Sub-regulation 6D.3A.09(2) provides that where possible, an intermediary should check registers maintained by ASIC and the ASIC website to verify information in a CSF offer document as required. Intermediaries will comply with this standard even if they obtain the information on ASIC’s registers through information brokers.

If there is a discrepancy between the information in the CSF offer document and on ASIC’s registers then the CSF intermediary knows there is a problem with the information and should not publish the CSF offer document.
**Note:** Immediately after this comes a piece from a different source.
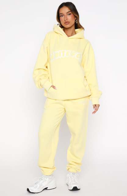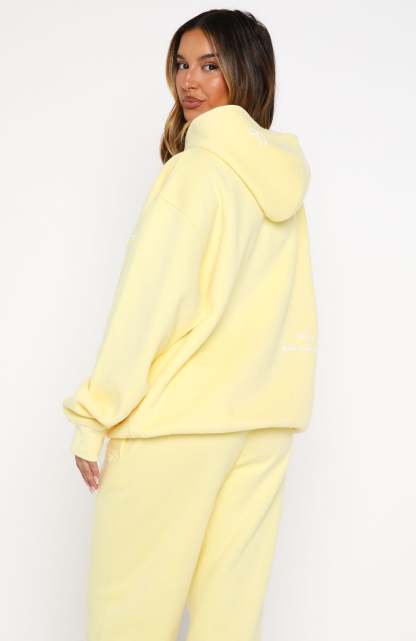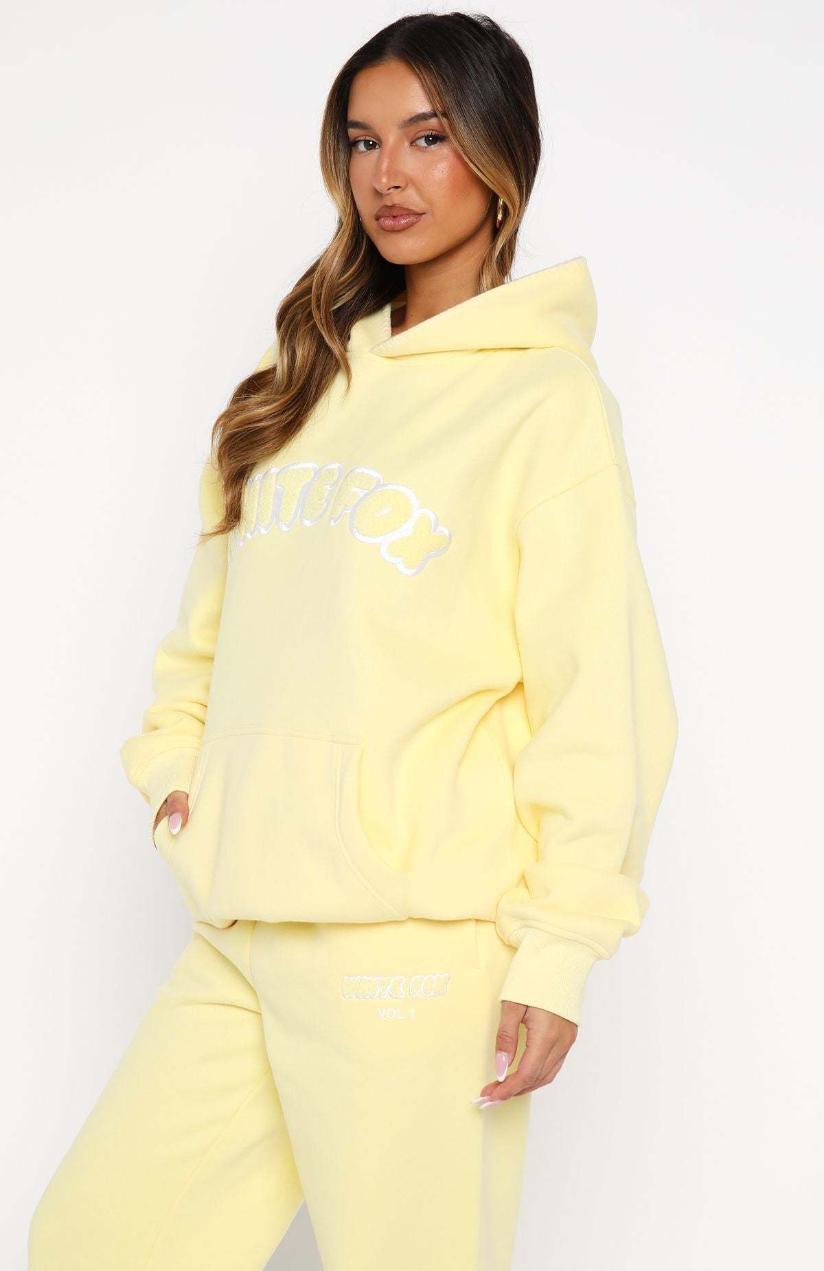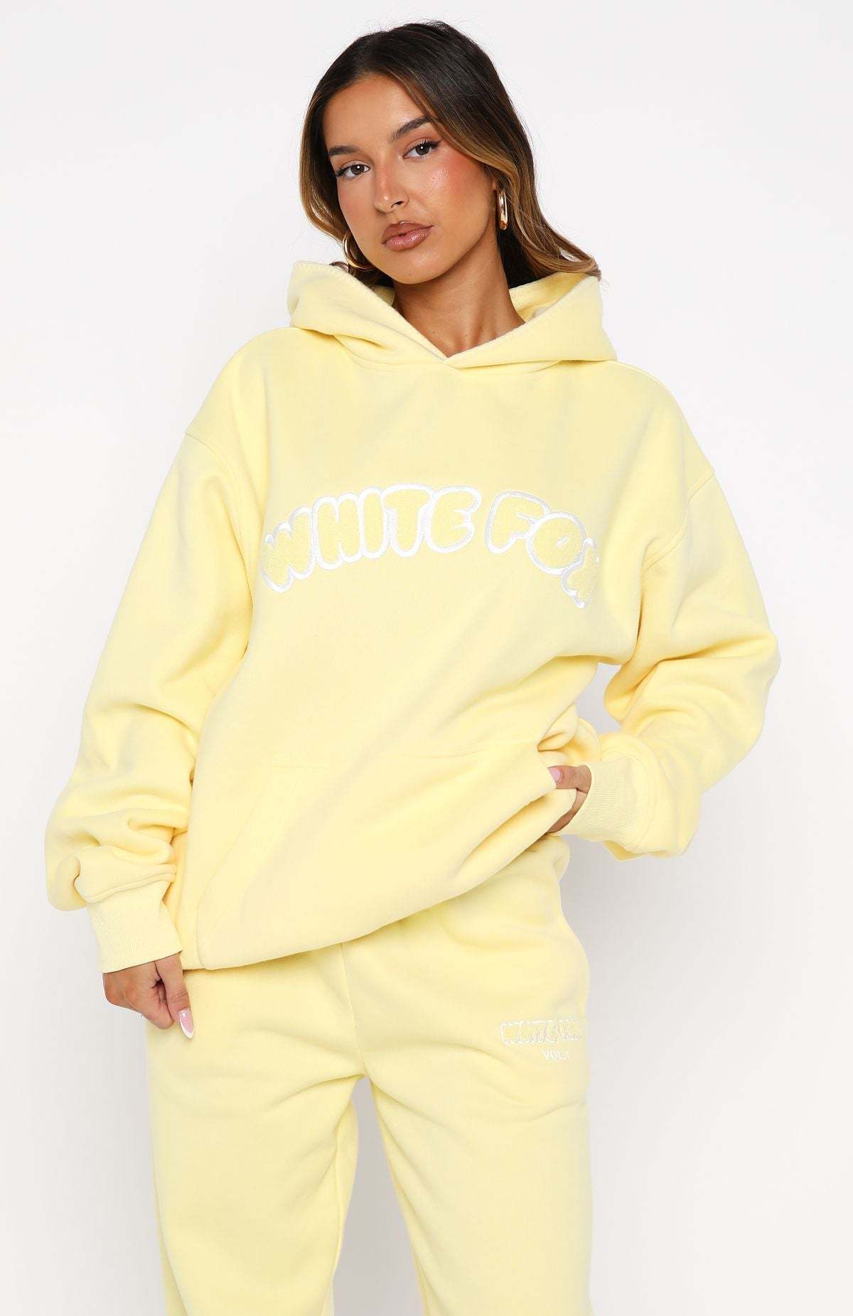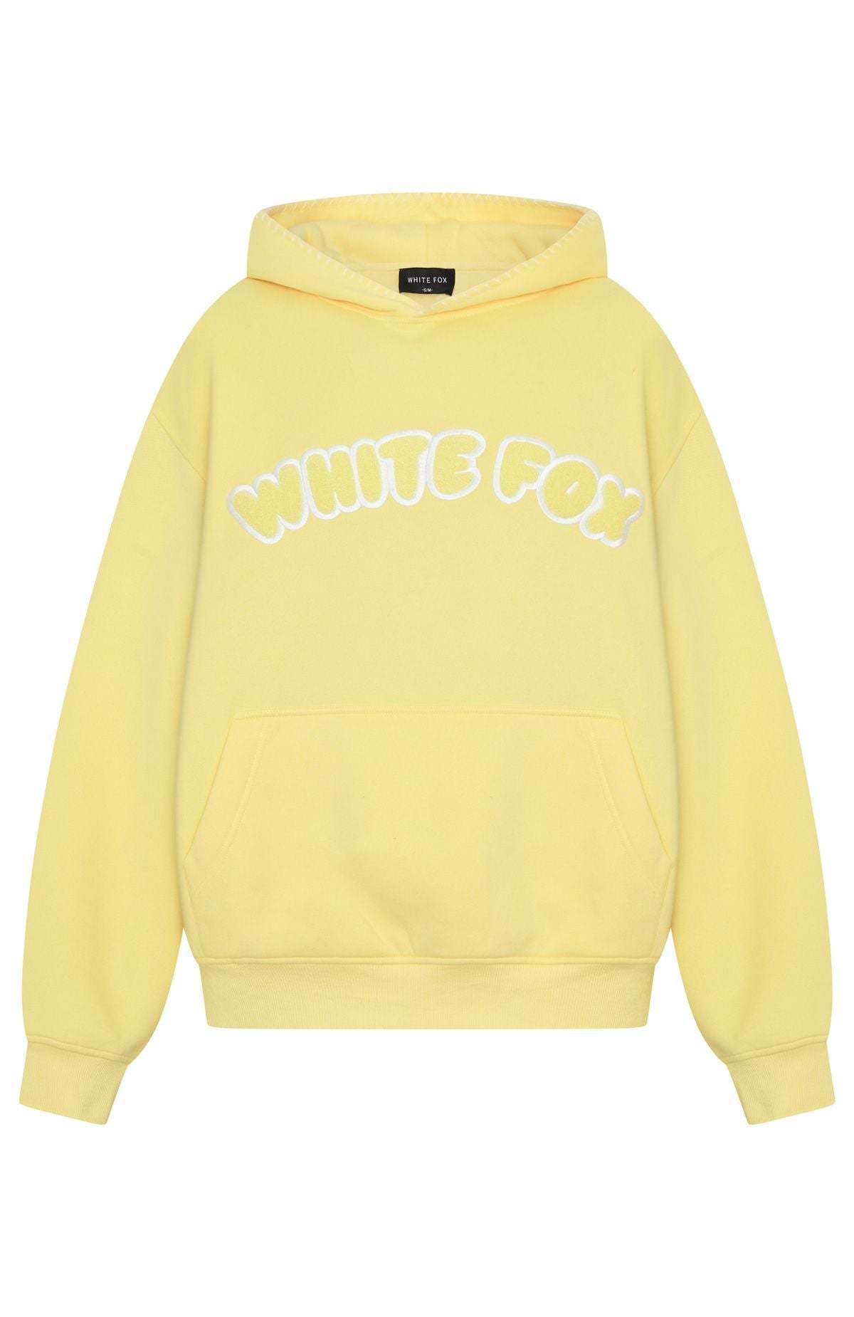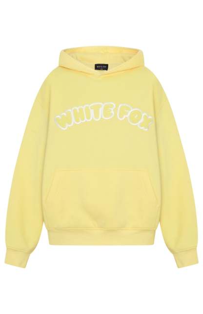 Unwind in style. The Vol. 1 Front Graphic Oversized Hoodie Lemon features a relaxed double-lined hood with exposed stitching, slouched shoulders and ribbed hems, which round out an oversized silhouette. Featuring long sleeves, a roomy front pocket, and an unlined fleece interior, this hoodie delivers a cosy feel. White Fox borg text embellishes the centre front, paired with a printed "made with love" text side back. Style with the Vol. 1 Sweatpants Lemon for a chill weekend fit.
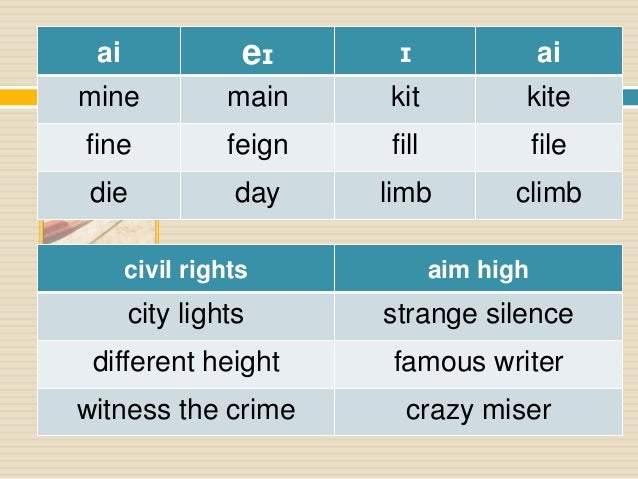 Find examples of american english words for each sound of the american english language.

Where the discrepancy in information arises because the offering company has used more recent information in the offer but has not given ASIC the updated information, the offering company will have to provide ASIC with the updates and the CSF intermediary will have to conduct the checks again until it is able to fully verify the required information.

Sub-regulation 6D.3A.09(3) provides that in cases information cannot be verified through a register maintained by ASIC, the intermediary will perform the required checks to a reasonable standard by explaining in writing to the offering company what information is required (including the level of detail required) and requiring the offering company to provide the required information in accordance with a reasonable process the intermediary has developed, documented and implemented.

Finally, sub-regulation 6D.3A.09(4) provides that an intermediary satisfies its obligation to check that an offer document is clear, concise and effective by checking the offer document in accordance with a reasonable process the intermediary has developed, documented and implemented.

Regulation 6D.3A.10 - General risk warning

Regulation 6D.3A.10 prescribes the wording of the risk warning that an intermediary must display prominently on its offer platform as required under sub‑section 738ZA(2) of the Act.

 

Regulation 7.1.08 - Documents not constituting financial product advice

Sub-regulation 7.1.08(3A) prescribes that CSF offer documents, and any information drawn from a CSF offer document that is published elsewhere on a CSF intermediary’s website or in advertisements and publications of a CSF offer do not constitute the provision of financial product advice, as long as the content is drawn from or contained in the CSF offer document and does constitute the provision of personal advice.

The effect of this provision is that a CSF intermediary will be able to publish a CSF offer document and material drawn from or contained in a CSF document on its platform without needing an authorisation to provide financial product advice (as long as doing so would not constitute the provision of personal advice). A CSF intermediary would also be able to use information drawn from or contained in a CSF offer document to advertise a CSF offer without needing an authorisation to provide financial product advice as long as the advertisement does not provide personal advice and does not breach the advertising restrictions in section 738ZG of the Act.